Because of its rarity, the Pediatric/Wildtype population have fewer resources available to them, with a smaller pool of physicians and medical institutions that specialize in their treatment. As the body of knowledge surrounding Adult GIST grew, and information about this subset came to light, it became clear that life-saving treatments and research needed to be made available for this “rare” population.
The seeds of what would become the Pediatric and Wild Type Clinic began through efforts to create a way to serve Pediatric GIST patients and their families. The Life Raft Group, a Patient Advocacy organization for GIST patients, early on served as a source of support for this population by hosting the first Pediatric GIST Conference in 2004 in Montreal. Recognizing the need for more access to treatment, research studies and support, a viable way to bring this to light had not yet materialized.

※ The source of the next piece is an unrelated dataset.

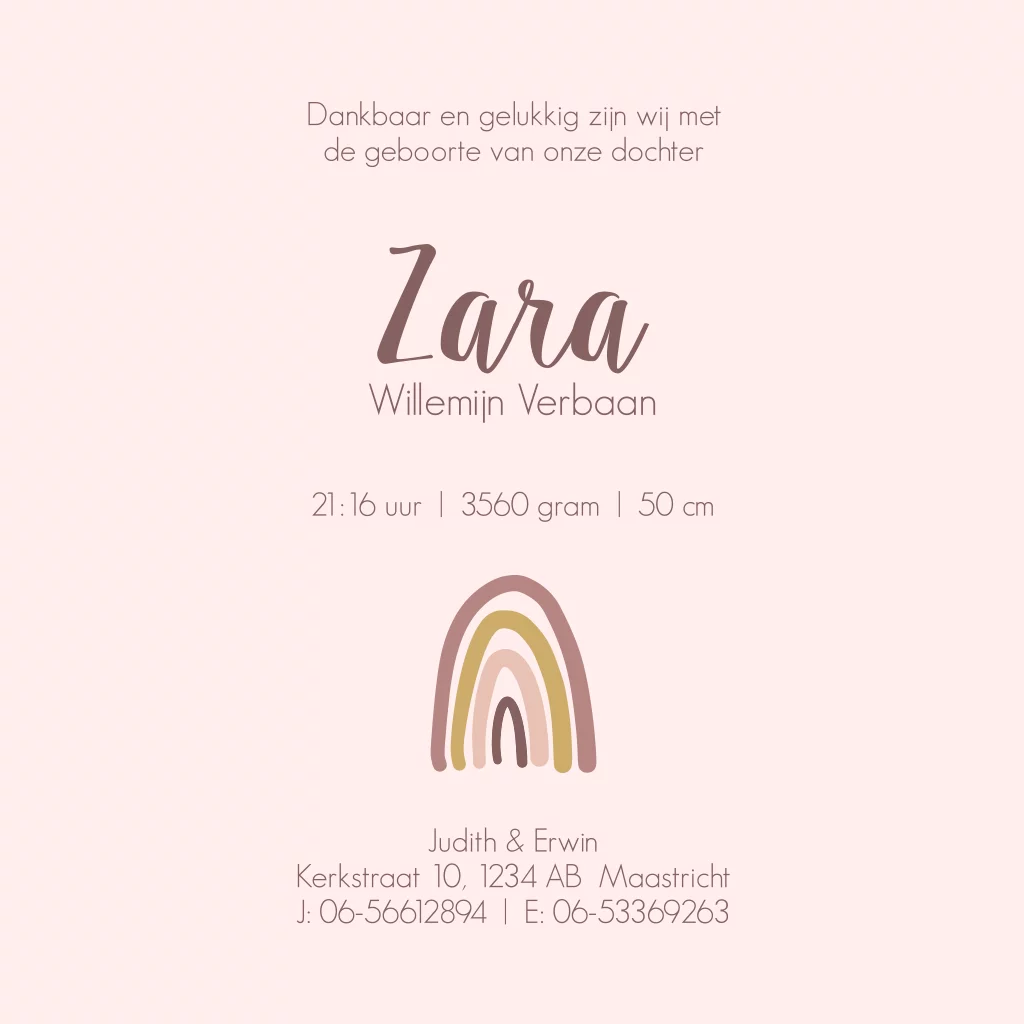 Geboortekaartje roze met een lief getekende hertje en een regenboog op een lichtroze achtergrond. (21953)

In 2007, at a Connective Tissue Oncology Society (CTOS) conference, Norman Scherzer, the Executive Director of the Life Raft Group, began a dialogue with Dr. Lee Helman of the National Cancer Institute and Dr. Alberto Pappo, Pediatric Oncologist at St. Jude’s, who were presenting at a Pediatric Oncology session. They discussed the potential for gathering an international panel of physicians with an interest in pediatric GIST and a complementary set of skills.
The idea was to create a center of excellence where medical professionals and researchers could begin to learn about these rarest of patients. While GIST is rare, the Pediatric (also known as Wildtype or SDH Deficient GIST) is even rarer, comprising only 5% of all GIST cases.
As Dr. Helman states, “We sat down with Norm Scherzer at that CTOS meeting to discuss how we could bring Pediatric GIST patients to a central location where we could start to learn about the patients. Where individually, anyone of us might see one or two a year, we could share our experiences by bringing as many patients as we wanted to and bring the doctors who were interested in Pediatric GIST together.”
The inaugural Pediatric GIST Clinic was hosted by the NIH on June 18, 2008. It was the first clinic focusing on Pediatric GIST. It serves as a “model” multidisciplinary clinic that brings together “WT GIST” patients with physicians and researchers to better understand the pathophysiology of WT GIST. 1
Present at that clinic was a team of clinicians and researchers from across the United States, and members of two patient advocacy groups, The Life Raft Group and GIST Support International. The first group consisted of 14 patients and their families.
As of June 2018, there have been 16 clinics held with 171 of these rare patients seen. Groundbreaking research has resulted, and patients and their families have had the opportunity to both consult with experts in the field and to meet with one another so that they do not feel so alone.